Existing recurrent optical flow estimation networks are computationally expensive since they use a fixed large number of iterations to update the flow field for each sample. An efficient network should skip iterations when the flow improvement is limited. In this paper, we develop a Context-Aware Iteration Policy Network for efficient optical flow estimation, which determines the optimal number of iterations per sample. The policy network achieves this by learning contextual information to realize whether flow improvement is bottlenecked or minimal. On the one hand, we use iteration embedding and historical hidden cell, which include previous iterations information, to convey how flow has changed from previous iterations. On the other hand, we use the incremental loss to make the policy network implicitly perceive the magnitude of optical flow improvement in the subsequent iteration. Furthermore, the computational complexity in our dynamic network is controllable, allowing us to satisfy various resource preferences with a single trained model. Our policy network can be easily integrated into state-of-the-art optical flow networks. Extensive experiments show that our method maintains performance while reducing FLOPs by about 40%/20% for the Sintel/KITTI datasets.

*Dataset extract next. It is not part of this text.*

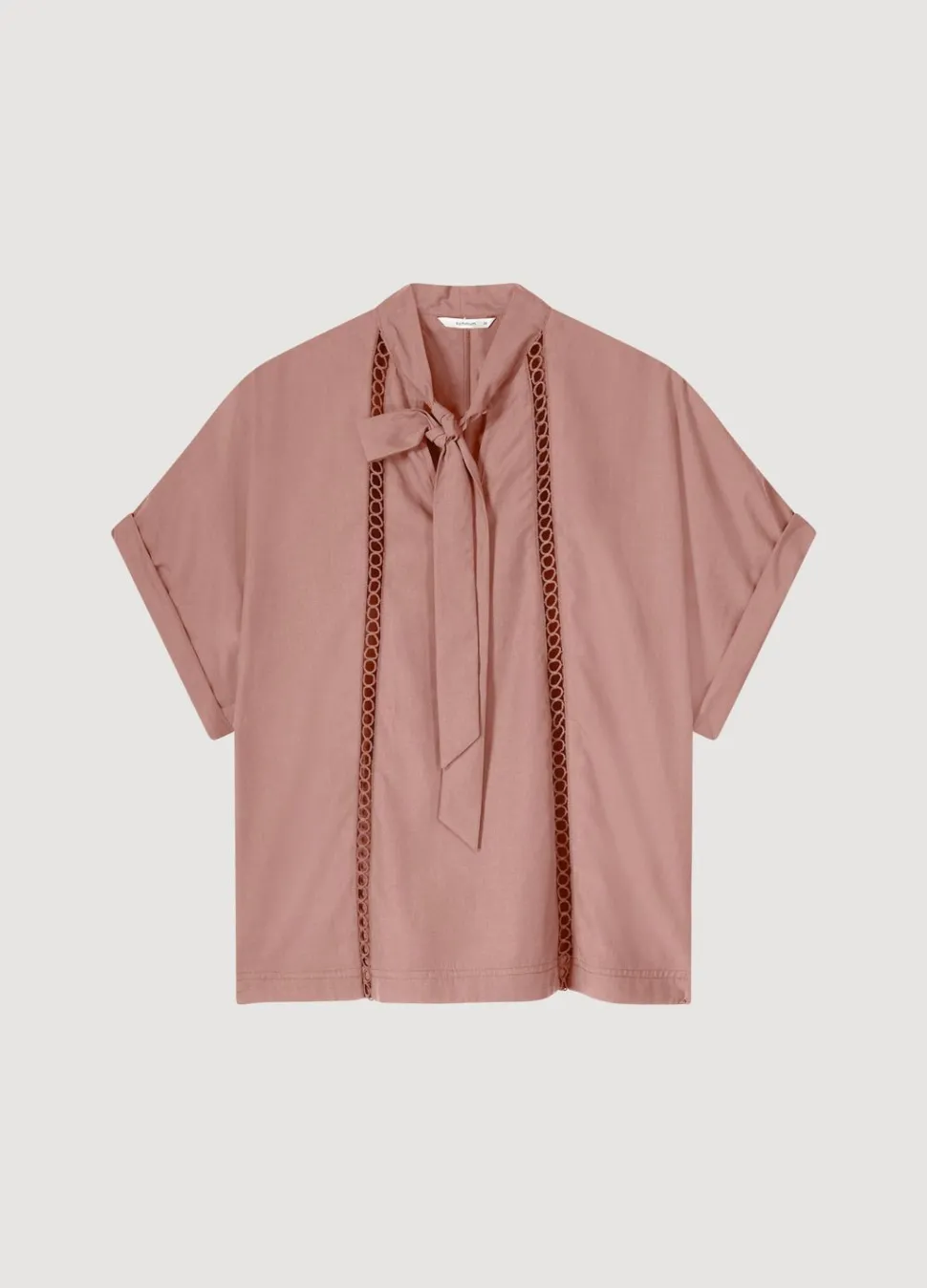 Bow Tie Top Met Korte Mouwen In Een Lyocell Katoen Stof. De Blouse Heeft Een Rechte Pasvorm En Het Voorpand Is Versierd Met Kantband.

翻译：现有循环光流估计网络因对每个样本采用固定的多次迭代更新光流场，导致计算代价高昂。高效网络应在流改进有限时跳过迭代。本文提出一种用于高效光流估计的上下文感知迭代策略网络，该网络可为每个样本确定最优迭代次数。策略网络通过学习上下文信息实现这一目标，以判断流改进是否遇瓶颈或趋于最小。一方面，我们利用包含先前迭代信息的迭代嵌入和历史隐藏单元来传递流如何自先前迭代发生变化。另一方面，我们采用增量损失函数使策略网络隐式感知后续迭代中光流改进的幅度。此外，我们动态网络的计算复杂度可控，使得单一训练模型可适配多种资源偏好。该策略网络可轻松集成到最先进的光流网络中。大量实验表明，我们的方法在保持性能的同时，对Sintel/KITTI数据集的FLOPs分别减少约40%/20%。